##### Input records
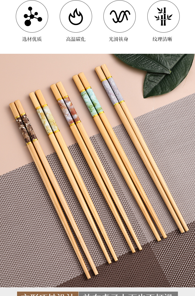天然竹筷子防滑家庭用一人一筷子5双装源工厂批发批环保国潮风
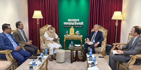 দি ক্রাইম ডেস্ক: বাংলাদেশ জামায়াতে ইসলামীর আমির ডা. শফিকুর রহমানের সঙ্গে সাক্ষাৎ করেছেন ইউরোপীয় ইউনিয়নের(ইইউ) রাষ্ট্রদূত মাইকেল মিলার। বৃহস্পতিবার(২৯ জানুয়ারি) সকাল সাড়ে ৯টায় জামায়াতে ইসলামীর আমির ডা. শফিকুর রহমানের বসুন্ধরার কার্যালয়ে এ সৌজন্য সাক্ষাৎ অনুষ্ঠিত হয়। এসময় ইইউ রাষ্ট্রদূতের সঙ্গে…
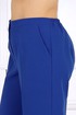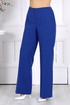 Брюки классические длинные, прямого силуэта, с посадкой на талии, выполнены из костюмно-плательного ткани. Модель с центральной застёжкой на тесьму-«молнию», на притачном поясе, застегивающемся на петлю и пуговицу. Передние и задние половинки брюк с талиевыми вытачками, направленными от пояса вниз. Спереди обработаны боковые наклонные карманы. Для лучшего прилегания брюк в области талии в поясе, по задним половинкам вставлена эластичная лента. Длина брюк по боковому (с поясом) – 107 см (46-50 р-р.), 108 см (52-54 р-р), 109 см (56-60 р-р).
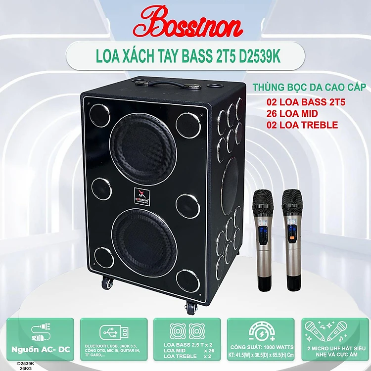 Loa Karaoke xách tay Bossinon D2539K - 26 Đường tiếng, Công Suất 1000W, 2 Bass 25Cm, 2 Treble - HÀNG CHÍNH HÃNG
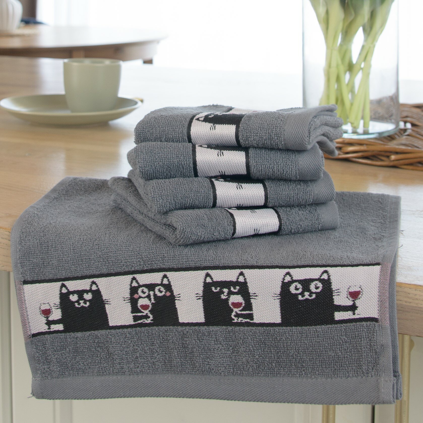 Отзывы на Полотенца махровые кухонные 30х60 см, набор 5 шт, с петелькой, Китчен, вино кот / темно-серый
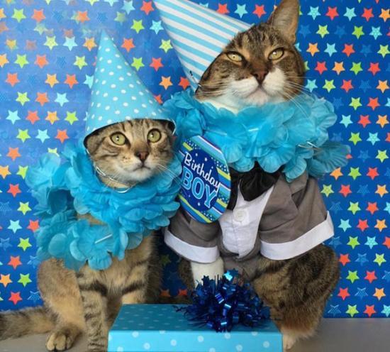 這些貓咪貓是從收容所里救出來的,珍妮佛經常為它們做各種奇異的裝扮。
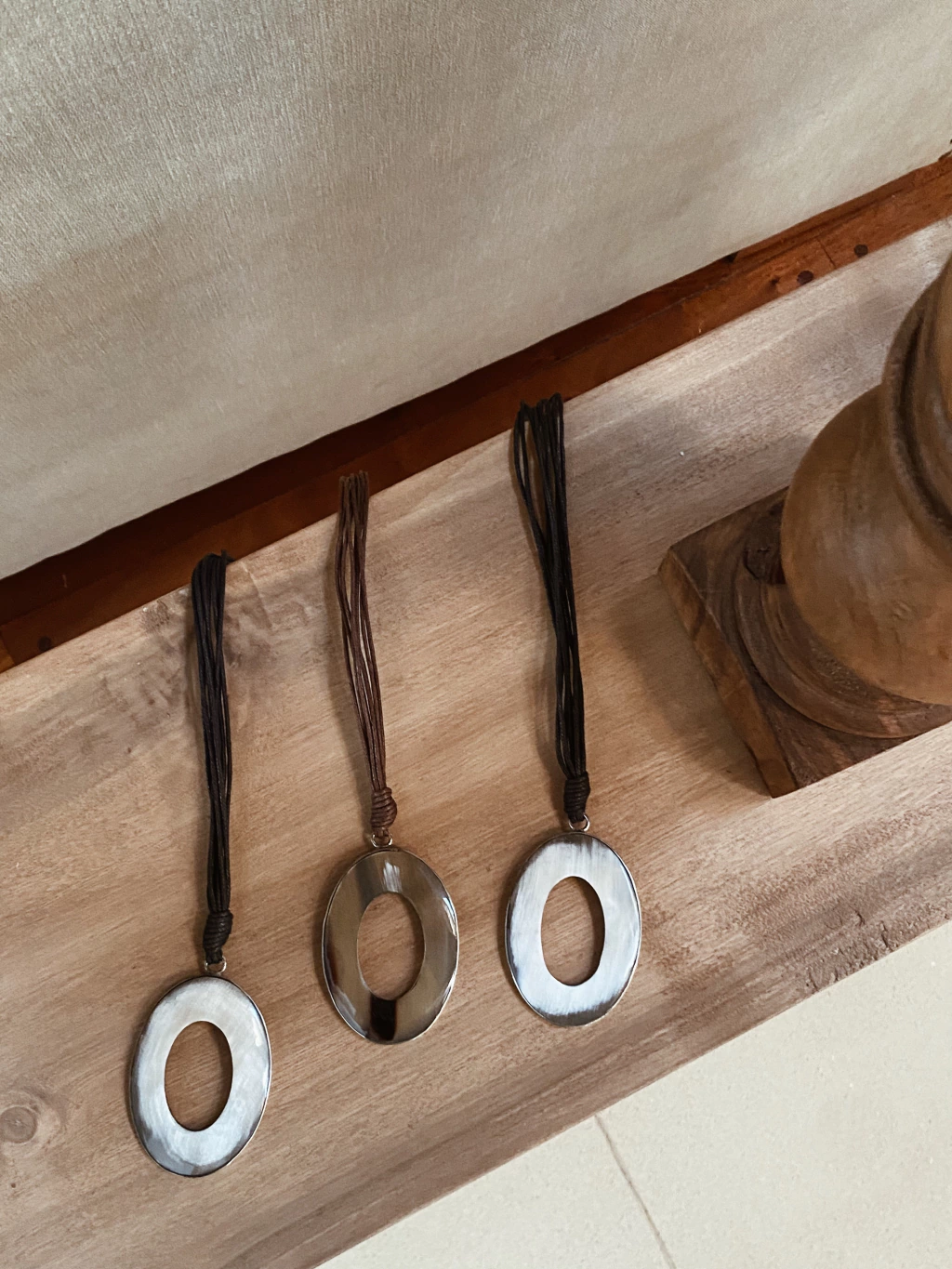Nuevas piezas exclusivas realizadas con colgantes de asta natural, engarzada artesanalmente en alpaca, con gancho de agarre y cierre también realizados en alpaca.
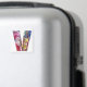 V letra del alfabeto inicial,diseño de monograma de negrita artístico caprichoso. Santa en la nevada noche de invierno jugando arpa en la luz de la luna con búho. Pintura acrílica. por Bulgan Lumini (c) com
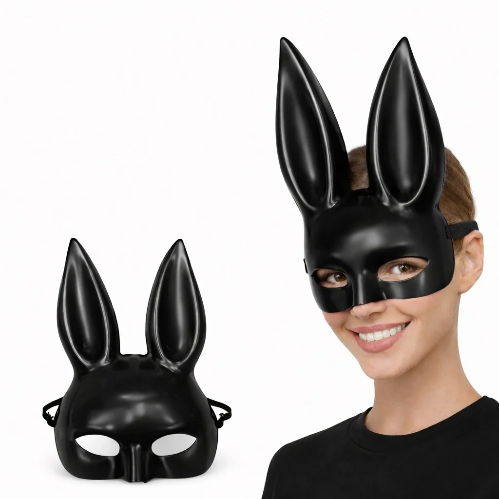 Gizemli ve iddialı bir görünüm için tasarlanan mat siyah tavşan maskesi, uzun kulak detayıyla dikkat çekici bir stil sunar. Minimal ve güçlü tasarımı sayesinde sade kombinleri bile anında farklı bir havaya büründürür.
##########
**Your objective:**
Each record must be repeated exactly, and no picture may be carried over.

**Result below:**
天然竹筷子防滑家庭用一人一筷子5双装源工厂批发批环保国潮风
 দি ক্রাইম ডেস্ক: বাংলাদেশ জামায়াতে ইসলামীর আমির ডা. শফিকুর রহমানের সঙ্গে সাক্ষাৎ করেছেন ইউরোপীয় ইউনিয়নের(ইইউ) রাষ্ট্রদূত মাইকেল মিলার। বৃহস্পতিবার(২৯ জানুয়ারি) সকাল সাড়ে ৯টায় জামায়াতে ইসলামীর আমির ডা. শফিকুর রহমানের বসুন্ধরার কার্যালয়ে এ সৌজন্য সাক্ষাৎ অনুষ্ঠিত হয়। এসময় ইইউ রাষ্ট্রদূতের সঙ্গে…
 Брюки классические длинные, прямого силуэта, с посадкой на талии, выполнены из костюмно-плательного ткани. Модель с центральной застёжкой на тесьму-«молнию», на притачном поясе, застегивающемся на петлю и пуговицу. Передние и задние половинки брюк с талиевыми вытачками, направленными от пояса вниз. Спереди обработаны боковые наклонные карманы. Для лучшего прилегания брюк в области талии в поясе, по задним половинкам вставлена эластичная лента. Длина брюк по боковому (с поясом) – 107 см (46-50 р-р.), 108 см (52-54 р-р), 109 см (56-60 р-р).
 Loa Karaoke xách tay Bossinon D2539K - 26 Đường tiếng, Công Suất 1000W, 2 Bass 25Cm, 2 Treble - HÀNG CHÍNH HÃNG
 Отзывы на Полотенца махровые кухонные 30х60 см, набор 5 шт, с петелькой, Китчен, вино кот / темно-серый
 這些貓咪貓是從收容所里救出來的,珍妮佛經常為它們做各種奇異的裝扮。
Nuevas piezas exclusivas realizadas con colgantes de asta natural, engarzada artesanalmente en alpaca, con gancho de agarre y cierre también realizados en alpaca.
 V letra del alfabeto inicial,diseño de monograma de negrita artístico caprichoso. Santa en la nevada noche de invierno jugando arpa en la luz de la luna con búho. Pintura acrílica. por Bulgan Lumini (c) com
 Gizemli ve iddialı bir görünüm için tasarlanan mat siyah tavşan maskesi, uzun kulak detayıyla dikkat çekici bir stil sunar. Minimal ve güçlü tasarımı sayesinde sade kombinleri bile anında farklı bir havaya büründürür.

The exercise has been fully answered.